The Environmental Protection Agency has put a political aide in charge of reviewing grant funds that are distributed from the agency, according to a published report.
John Konkus, a longtime political operative from Florida who served as President Donald Trump’s Leon County campaign chairman, is in charge of reviewing awards that are assigned by the agency, along with applications for grants before they’re issued, The Washington Post reported Monday evening, citing “career and political employees.”
The Post reported that according to career and political employees at the agency, Konkus told staff he is watching out for “the double C-word” — meaning climate change.

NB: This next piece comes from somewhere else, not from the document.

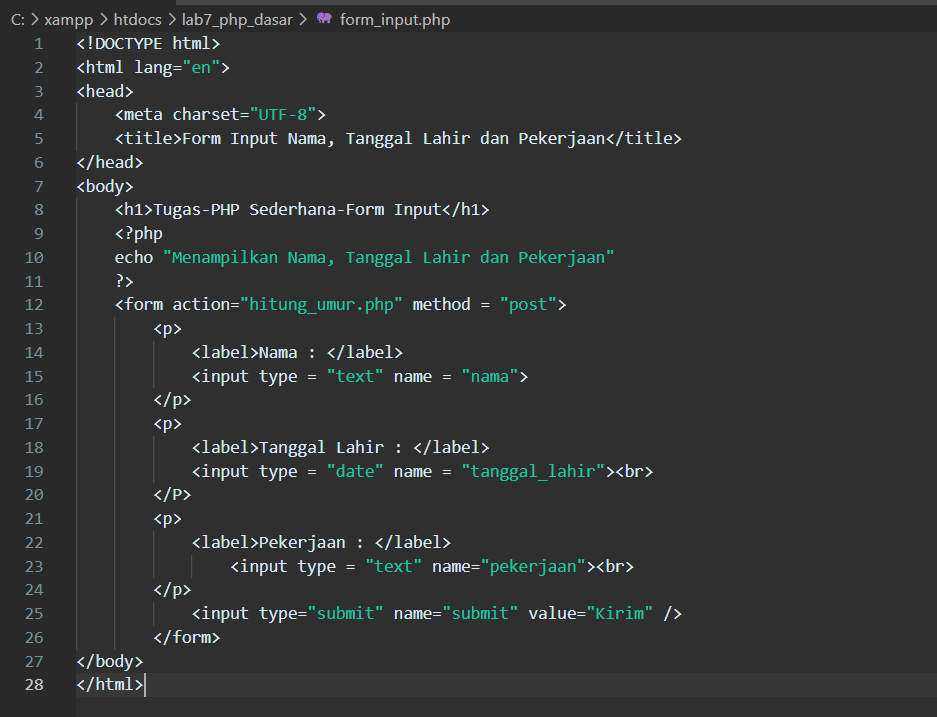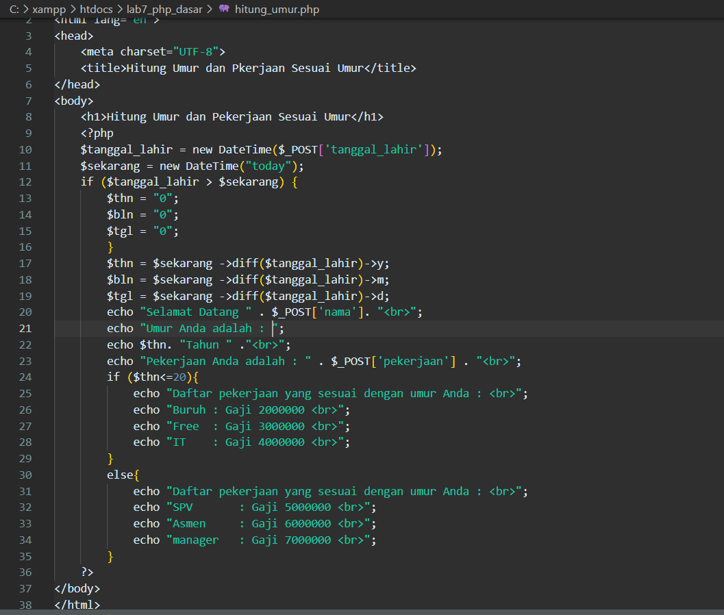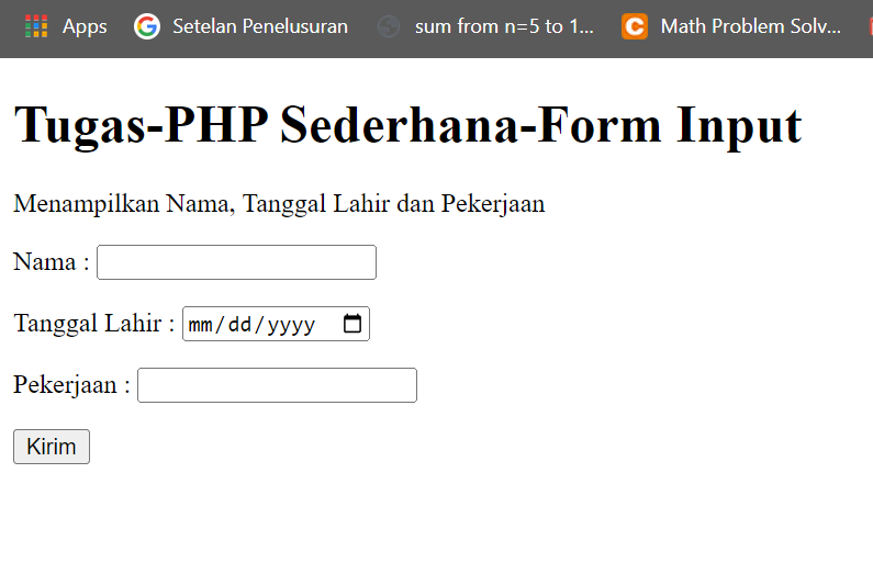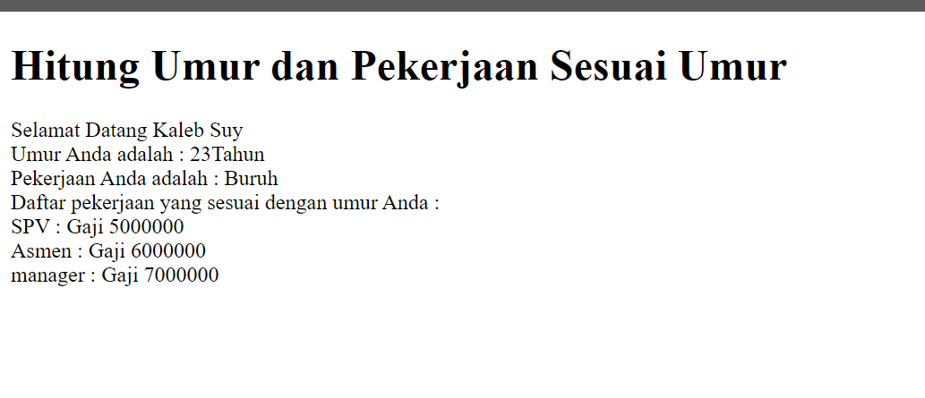 Buatlah program PHP sederhana dengan menggunakan form input yang menampilkan nama, tanggal lahir dan pekerjaan. Kemudian tampilkan outputnya dengan menghitung umur berdasarkan inputan tanggal lahir. Dan pilihan pekerjaan dengan gaji yang berbeda-beda sesuai pilihan pekerjaan.

When asked about the Post report, EPA spokesman Jahan Wilcox told CNN: “We’re draining the swamp to ensure decisions about grants are in line with the agency’s mission and policy priorities.”
CNN has not independently verified the Post report.
EPA spokeswoman Liz Bowman told the Post that grant decisions “are to ensure funding is in line with the agency’s mission and policy priorities,” with the number of awards denied amounting to just 1% of those made since EPA Administrator Scott Pruitt took office.
“We review grants to see if they are providing tangible results to the American people,” she told the Post in an email.
Konkus’ official role is deputy associate administrator in the EPA’s public affairs office. He publicizes the funding of grants and he serves more widely as an adviser on policy and management issues, according to the report.
Several officials from the Barack Obama and George W. Bush administrations told the Post that it is unprecedented to have a public affairs officer reviewing grant applications and awards, which are for half of the EPA’s $8 billion budget.
“We didn’t do a political screening on every grant, because many of them were based on science, and political appointees don’t have that kind of background,” former EPA Administrator Christine Todd Whitman, who served under Bush, told the Post.